By 1915, Tesla's accumulated debt at the Waldorf-Astoria was around US$20,000 (equivalent to $602,000 in 2023). When Tesla was unable to make any further payments on the mortgages, Boldt foreclosed on the Wardenclyffe property.[35] Boldt went on to make the property available for sale and decided to demolish the tower for scrap.[39] On July 4, 1917, the Smiley Steel Company of New York began demolition of the tower by dynamiting it.
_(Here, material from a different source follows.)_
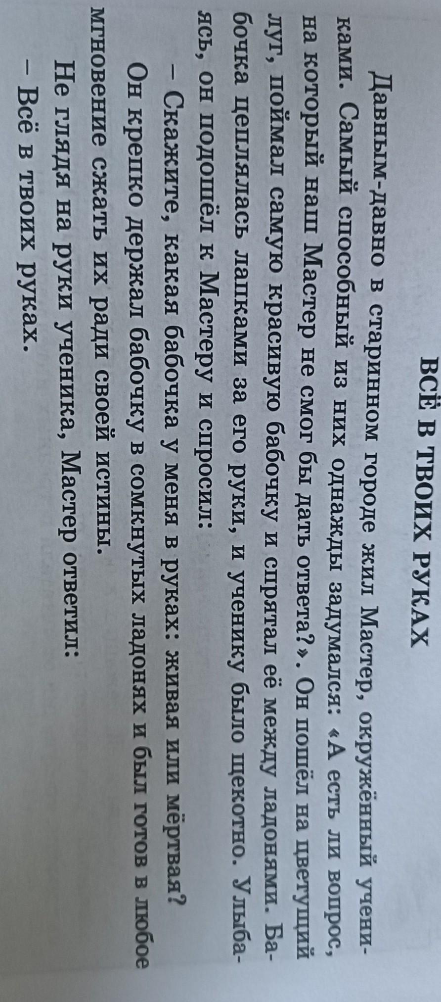 Наверняка ученик решил "подшутить" над учителем. Если бы тот сказал "мёртвая" он бы просто разжал ладони и выпустил живую бабочку. Если бы учитель сказал "живая" - ученик сильнее сжал бы ладони и убил бабочку. Но учитель, предугадал обе ситуации и не пошёл на повод ученика ,а дал ученику выбор ответственности за жизнь бабочки своими словами "Всё в твоих руках"

The tower was knocked on a tilt by the initial explosion but it was not totally demolished until September.[40][41] The scrap value realized was $1,750 (equivalent to $42,000 in 2023).
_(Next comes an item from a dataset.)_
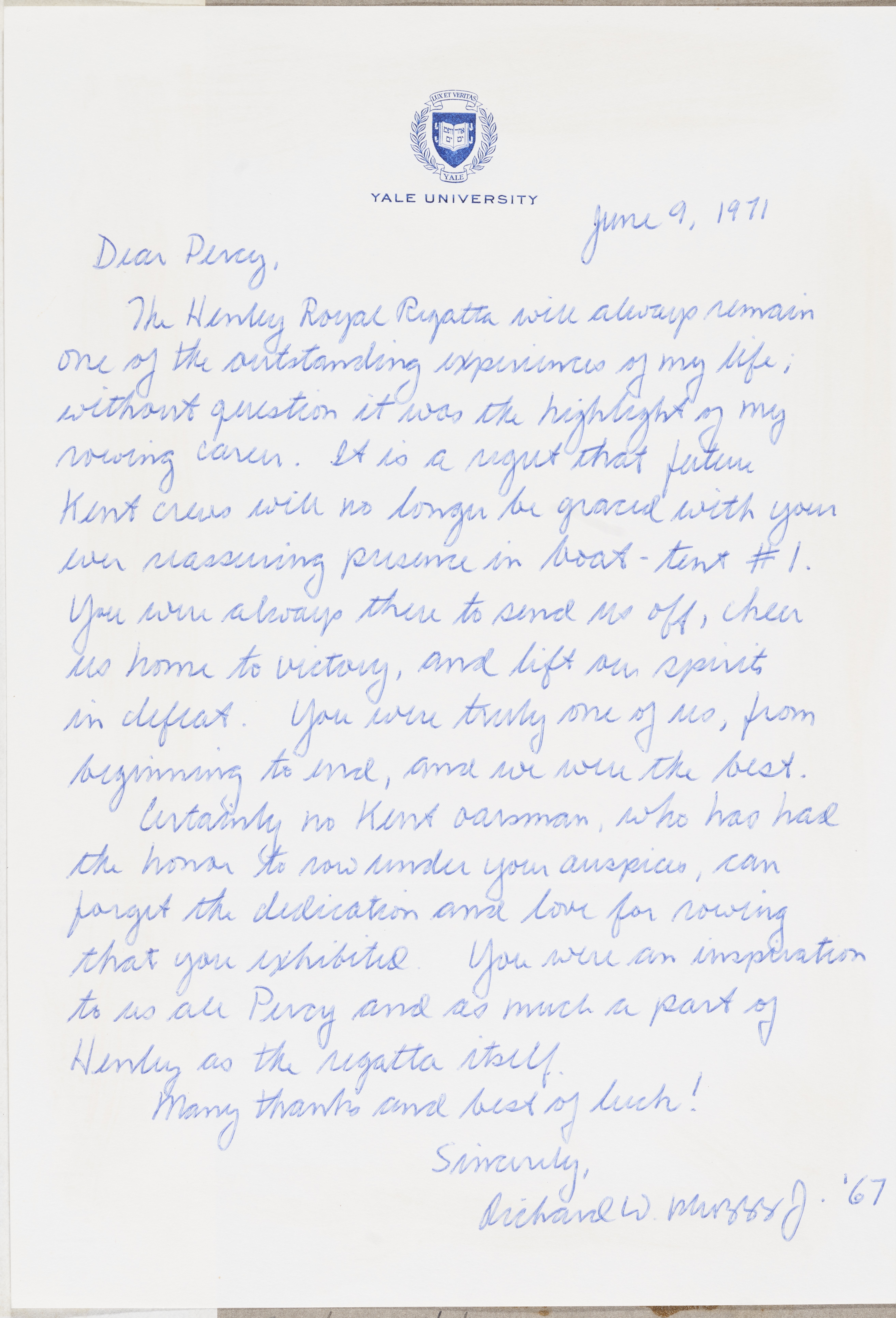 A letter from Richard Muzzy to Percy reminiscing on his experience of Henley and Percy's involvement with the crews. He thanks him for being an inspiration and wishes him the best of luck. Signed Richard Muzzy '67

Since this was during World War I a rumor spread, picked up by newspapers and other publications, that the tower was demolished on orders of the United States Government with claims German spies were using it as a radio transmitter or observation post, or that it was being used as a landmark for German submarines.[41][42] Tesla was not pleased with what he saw as attacks on his patriotism via the rumors about Wardenclyffe, but since the original mortgages with Boldt as well as the foreclosure had been kept off the public record in order to hide his financial difficulties, Tesla was not able to reveal the real reason for the demolition.[40][41][43]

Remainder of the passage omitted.